On Wednesday, Bloomberg reported that following the banking crisis involving several regional lenders in the US, customers rushed to withdraw their savings at US banks. As they did, the largest US banks saw more than a half trillion dollars in deposit outflows compared to one year prior.

The report comes as observers eagerly await quarterly earnings reports, hoping the deposit data within them will shed light on the health of the US banking sector. Earnings season will begin on Friday, with JPMorgan, Citi, and Wells Fargo tipped to issue the first reports.

According to Bloomberg’s report, analysts are estimating that JPMorgan, Wells Fargo, and Bank of America saw $521 billion in deposits withdrawn over the past year, as depositors grabbed their money and headed for the doors.
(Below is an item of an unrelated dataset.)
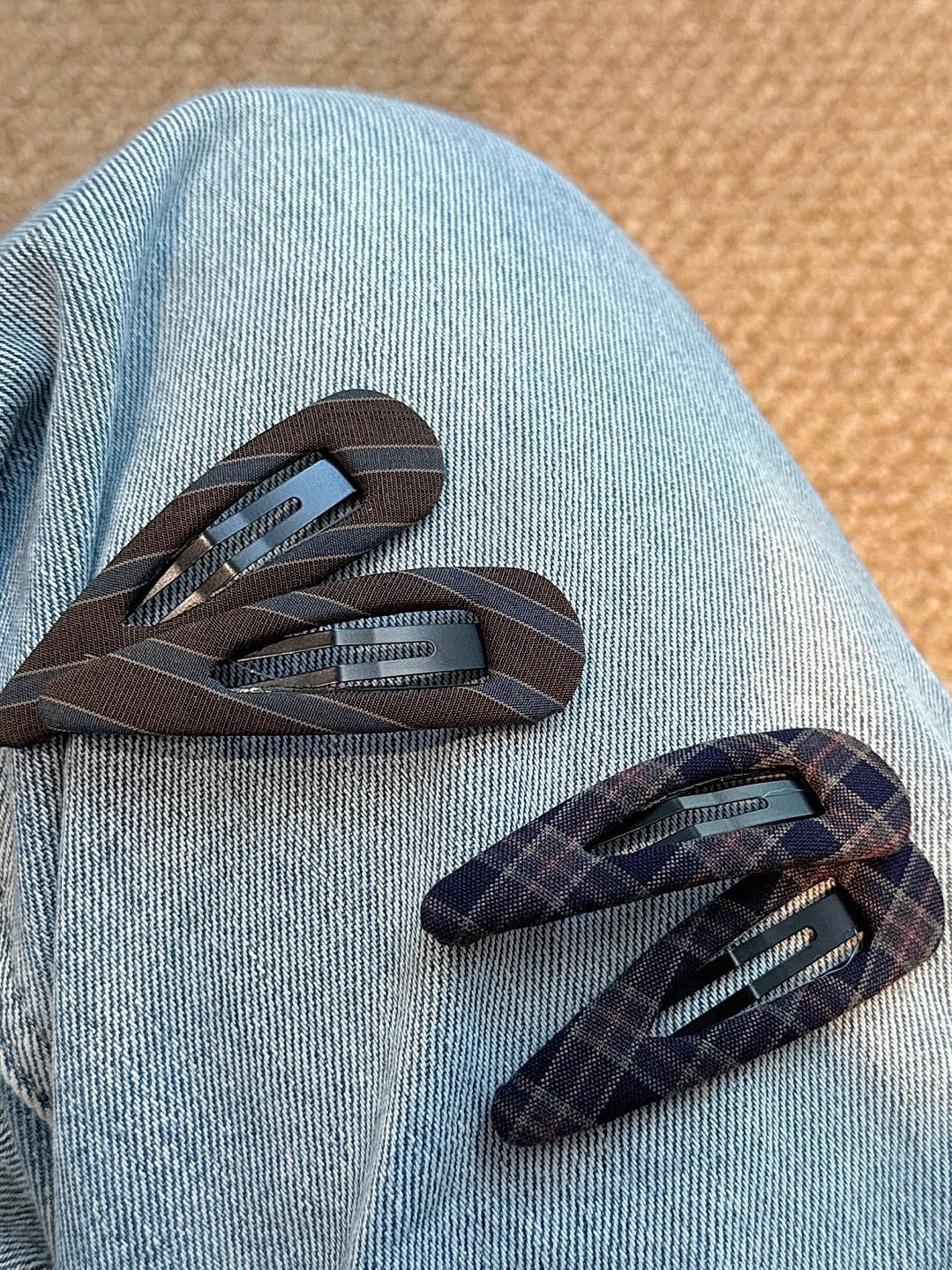 さりげなくポイントになってくれる、大人可愛いチェック柄のヘアクリップセット。

The outlet noted that $61 billion in deposits exited the banks heading for products offering higher interest rates in the first quarter alone, even in spite of a late inflow of cash following the peak of the crisis.

In early March, regional lenders Silicon Valley Bank and Signature Bank both collapsed in days of each other due to massive deposit runs as customers feared for their savings. A third lender, First Republic Bank, nearly collapsed, but was rescued by a $30 billion influx of liquidity from the biggest Wall Street banks, in the form of deposits. The big banks intervened out of fears that had First Republic fallen, it could have triggered a massive crisis of confidence which would have spread, triggering deposit runs and leading to a domino effect of bank failures.

From there the crisis spread to Switzerland, where banking titan Credit Suisse neared collapse, only to be saved by a government-brokered acquisition by rival lender UBS, in return for a mixture of government support and guarantees.

Bank deposits in the United States have been shrinking since last year, as higher inflation has eaten away at savings, and led investors to seek products offering more yield than is offered by mere savings accounts.

Wedbush Securities analysts David Chiaverini and Brian Violino wrote in a note to clients, “It had already been a fiercely competitive environment for deposit gathering, and the recent bank failures may turn the deposit knife fight into a metaphorical gun fight.”

Banking stocks have been falling amid the turmoil in the sector. One benchmark index tracking the leaders of the sector, the KBW Bank Index, fell by 25% over the course of just the month of March. Regional banks were leading the way down, with First Republic seeing its shares fall by 89%.